Task prompt: Please write out only the lines from the one containing "资金流向方面,180稳定(0" through the last line of the listing. Do not include pictures.

Data:
Content starts

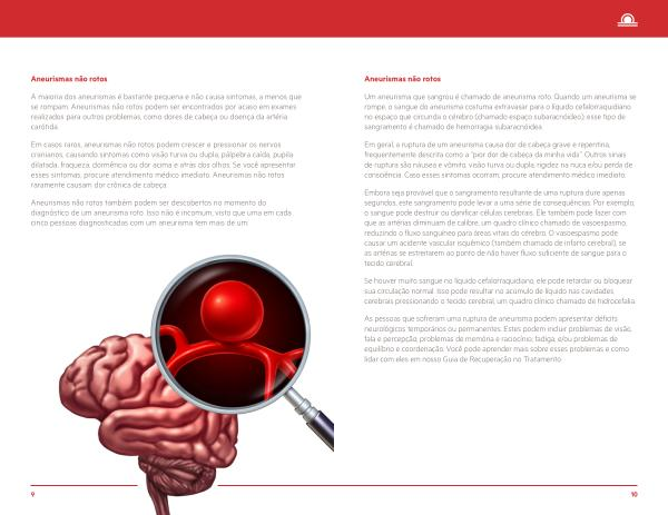 As pessoas que sofreram uma ruptura de aneurisma podem apresentar déficits neurológicos temporários ou permanentes . Estes podem incluir problemas de visão , fala e percepção ; problemas de memória e raciocínio ; fadiga ; e / ou problemas de equilíbrio e coordenação . Você pode aprender mais sobre esses problemas e como lidar com eles em nosso Guia de Recuperação no Tratamento .
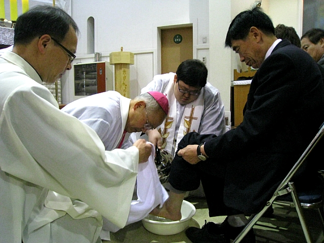 지난 4월 5일(목) 오후 8시에 효자동 성당(주임=김기곤 신부)에서 교구장 이병호 주교 집전으로 ‘주님의 만찬 미사’를 봉헌했다. 이병호 주교는 “이것은 내 피로 맺는 새로운 계약의 잔이니 마실 때마다 나를 기억하여 이 예를 행하여라.”(1코린 11,24)라는 성경말씀을 전하며 “이스라엘의 과월절 축제가 성체성사의 원형이 되는 말씀이다. 과월절의 희생제물인 양, 염소가 아닌 예수님 자신이 어린양이 되신 것이다. 예수님께서는 수난하시기 전날 제자들과 함께 마지막 만찬 중에 빵과 포도주의 형상 안에 성체성사를 제정하셨다. 주님이 다시 오실 때까지 내가 너희를 사랑한 것처럼 너희도 서로 사랑하여라. 이것이 새 계명이다.”라고 말하며 제자들의 발을 몸소 씻어 주신 것 같이 12명에게 사랑과 겸손의 상징인 발 씻김 예식을 거행했다.
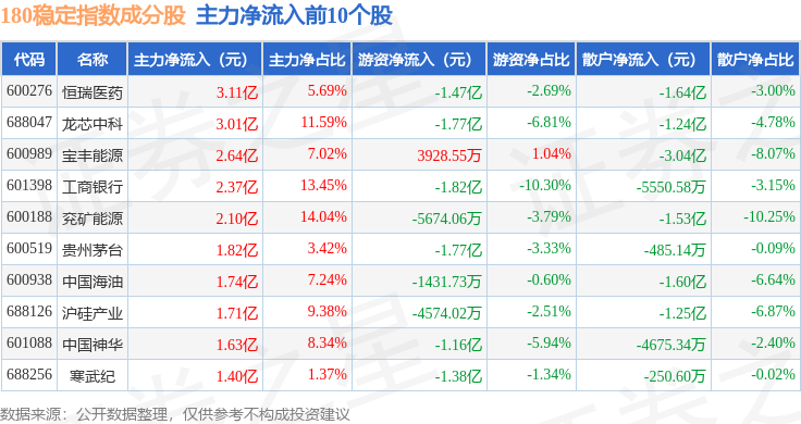 资金流向方面,180稳定(000125)指数成份股当日主力资金净流出合计4.13亿元,游资资金净流出合计2.32亿元,散户资金净流入合计6.45亿元。成份股资金流向详情见下表:
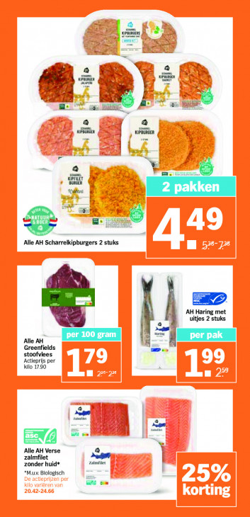 Deze tekst wordt automatisch gegenereerd, dus deze kan fouten bevatten.= Br ken mie AG % > nen = r ar il À de EEE u, KIPBERGER aa ja À | 2pakken | en FAT Es ra Alle AH Scharrelkipburgers 2 stuks Cl NA) AH Haring met uitjes 2 stuks © Marin Alle AH Greenfields stoofvlees Actieprijs per kilo 17.90 | À cames Pe zee eu EN Alle AH Verse zalmfilet zonder huid* zalmfilet *M.uv. Biologisch rs on

Content ends

Response box:
 资金流向方面,180稳定(000125)指数成份股当日主力资金净流出合计4.13亿元,游资资金净流出合计2.32亿元,散户资金净流入合计6.45亿元。成份股资金流向详情见下表:
 Deze tekst wordt automatisch gegenereerd, dus deze kan fouten bevatten.= Br ken mie AG % > nen = r ar il À de EEE u, KIPBERGER aa ja À | 2pakken | en FAT Es ra Alle AH Scharrelkipburgers 2 stuks Cl NA) AH Haring met uitjes 2 stuks © Marin Alle AH Greenfields stoofvlees Actieprijs per kilo 17.90 | À cames Pe zee eu EN Alle AH Verse zalmfilet zonder huid* zalmfilet *M.uv. Biologisch rs on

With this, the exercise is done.